- Liam Mayclem, the KCBS <a href="http://sanfrancisco.cbslocal.com/category/foodie-chap/">Foodie Chap</a>

Executive Chef Jesse Llapitan’s love of cooking began as child in his family’s kitchen. Jesse grew up on a farm outside of Seattle Washington. His family used their farm fresh fruits and vegetables to create traditional and flavorful simple dishes. These beginnings provided his inspiration to become a chef. Today Jesse’s passion is evident in the Palace kitchen. Jesse joined the Palace team in June 2005. Chef Llapitan came to the Palace from The Houstonian Club & Spa in Texas where he worked as Executive Chef since June 2003.

In 2007 Chef Llapitan was appointed Vice President of the Professional Chefs Association for the San Francisco chapter.
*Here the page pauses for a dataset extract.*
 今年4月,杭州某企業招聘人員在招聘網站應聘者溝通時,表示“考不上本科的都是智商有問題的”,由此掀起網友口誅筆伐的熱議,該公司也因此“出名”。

In addition to his involvement with professional chefs and peers, Jesse remains involved in the future of the culinary profession. He enjoys teaching and mentoring the chefs of tomorrow. Jesse has implemented an extensive internship program for students of the California Culinary Academy at the Palace. He recently conducted a food demo experience for my media students at Academy of Art. Mentoring is indeed an important part of his journey.
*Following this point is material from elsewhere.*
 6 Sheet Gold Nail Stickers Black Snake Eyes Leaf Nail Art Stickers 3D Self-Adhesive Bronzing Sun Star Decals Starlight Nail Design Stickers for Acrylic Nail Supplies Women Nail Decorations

Chef Llapitan prepares dishes influenced by his appreciation of classical French technique and his own modern style. Jesse’s unique blend of cuisines and use of the finest seasonal ingredients developed a signature menu with fresh California flare that is exclusive to the Palace. Jesse is passionate about locally sourced product and works with farmers and artisans to bring the highest quality to the Palace guests.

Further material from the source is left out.